Previously, researchers were reliant on classical correlation metrics like Spearman or Pearson correlation coefficient for assessing relevant associations between the microbes/OTUs. With the awareness about compositional nature of microbiome datasets, algorithms like CCREPE/ReBoot (26), SPARCC (27,28), CCLasso (29) and NAMAP (30) are not only preferred but are rather recommended for a meaningful analysis. Each of these computationally and statistically intensive algorithms have their own challenges pertaining to installation, data preparation and workflow (23). Apart from classical correlation metrics, MetagenoNets is equipped with the above-mentioned algorithms and also includes other popularly used bootstrapped variants of classical Spearman/Pearson correlation-based methods (4). Dynamic choice of statistical significance (P-value, q-value), iteration threshold and other algorithm tuning parameters is offered to the end-users.

UPLOAD PROCESS AND TASK MANAGEMENT SYSTEM

MetagenoNets follows a sequential widget-based task submission workflow. Step 1 pertains to upload of all types of data available with the end-users. Given the registration-free framework, it is mandatory to provide an easy to identify ‘job label’ in this step. This job label is mapped to the unique and personalized (eight characters) dashboard identifier specific to the task initiated by the user. The same can be accessed through the job history page of MetagenoNets. A live status terminal is provided to keep track of any errors in the submission. Step 2 provides a summary of the data statistics as uploaded by the user. It is pertinent to note that MetagenoNets automatically infers the categorical and continuous metadata types in the supplied meta-data file. The statistics summary provides quantitative information pertaining to all classes of input as well as metadata.
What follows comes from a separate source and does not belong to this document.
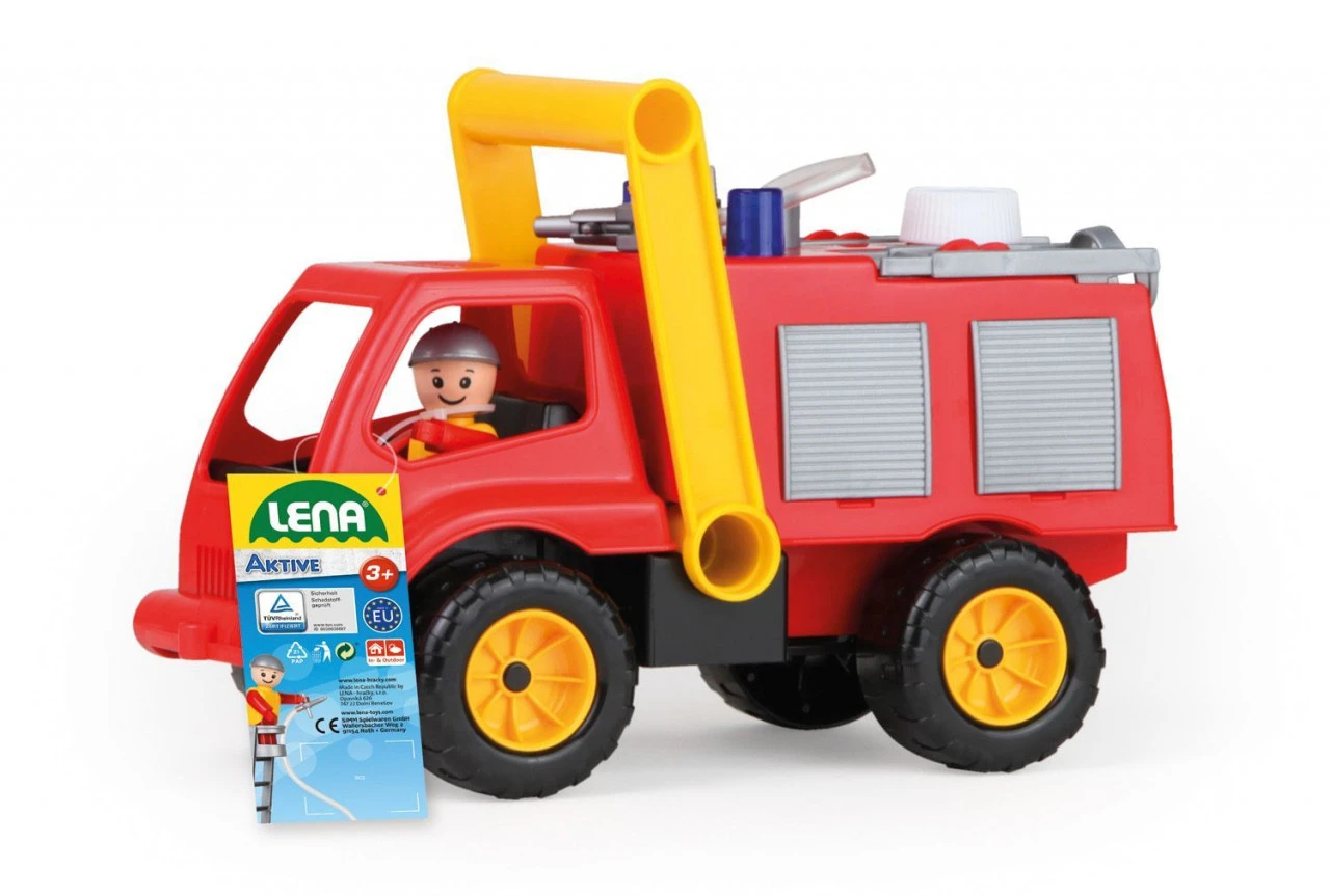 mit Wassertank und Spritzfunktion, Leiter und voll beweglicher Spiel- figur, abkippbares Führerhaus und Haltegriff

Step 3 allows the end-users to provide initial choice of data filtration, normalization/transformation parameters that may be applied on the primary input data (i.e. the feature or OTU abundance profile) for developing the personal dashboard. Step 4 provides a global summary of all the inputs/choices and seeks approval from the end-users for development of personal dashboard (i.e. analysis workspace). Once the approval is granted, dashboard is instantly developed, and the user is given the option to access the same. Job history page is simultaneously updated with the job label and corresponding dashboard identifier for accessing the workspace later. Job search widget provided in the job history section also allows the user to access any dashboard using the unique identifier shared by a remote collaborator.

PERSONAL DASHBOARD AND RESULTS

Modules of MetagenoNets

The four modules in MetagenoNets, each designated for a specific set of analyses and visualizations, are provided in the framework of a personal workspace, called dashboard. These modules include: (i) categorical networks, (ii) integrated networks, (iii) Venn diagrams and (iv) properties.

Categorical networks module

This module allows inference and visualization of various category- specific networks, wherein categories are derived automatically from the categorical metadata classes detected by MetagenoNets. For example, for the class pertaining to ‘State of health’, the categories of ‘Disordered’ and ‘Healthy’ may be present. Networks can not only be dynamically inferred using various algorithms (and associated parameters), but can also be visualized using interactive and customizable network diagrams and correlograms (heatmap of correlation matrix) for each category of interest. The options to incorporate various centrality measures and node metadata affiliation in the visualizations further add to the overall utility of this module (Figure 1A). Results of this module can be downloaded in the form of high-resolution images as well as re-usable textual data (edge-lists, correlation matrices, jsons etc.).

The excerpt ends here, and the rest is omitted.